この罪悪感はいったいどこからやってくるのだろう?
共働きなら夫が育休を取るのもわかるけど、自分はずっと家にいる専業主婦だ。ずっと家にいるなら子どもの面倒は自分で見れるはずだ。共働きよりも楽な立場にいるのだから。
そんな風に自己分析の基準が、他者との比較になっていることが原因かも知れない。
共働きの妻=忙しい、大変
専業主婦の自分=時間はある、大変じゃない(はず)
(はず)と書いたのは、実際にはsugamariさんはお子さんの体調課題などで心身ともに疲弊した日々を送っていたと推測されるからだ。詳しくはポッドキャストを聴いてほしい。
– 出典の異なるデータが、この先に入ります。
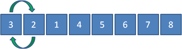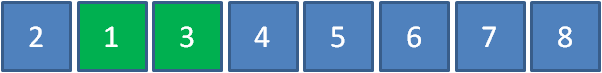 接下来让8和2比较,发现8比2要大,所以8和2交换位置。

自分の感覚では大変だったのに、専業主婦という社会的な立場から自分の状況を「大変ではない(はず)」とジャッジしてしまったのかもしれない。
だけど、どんな人であれ価値基準は自分が持っている。
自分が大変であると感じるならば、それは大変なのであり、助けてもらうことになんの罪悪感を感じる必要もないんだ。
Xやインスタなどをのぞくと他人のキラキラした生活が見えたり、ドロドロの悪意まみれのグチも見えてしまう。
つい、他者と自分を比べてしまう。
いったいなぜなのか?
それには1954年に心理学者のレオン・フェスティンガーが提唱した「社会的比較理論」が役に立つ。
社会的比較理論では、他者との比較の理由を「自分の能力や意見を評価するため」としている。
では、なぜ人は自分の能力や意見を評価しようとするのだろうか?
一つは自己改善のため。他者の成功や能力を基準にして、自分を改善しようとする動機が生まれるのだ。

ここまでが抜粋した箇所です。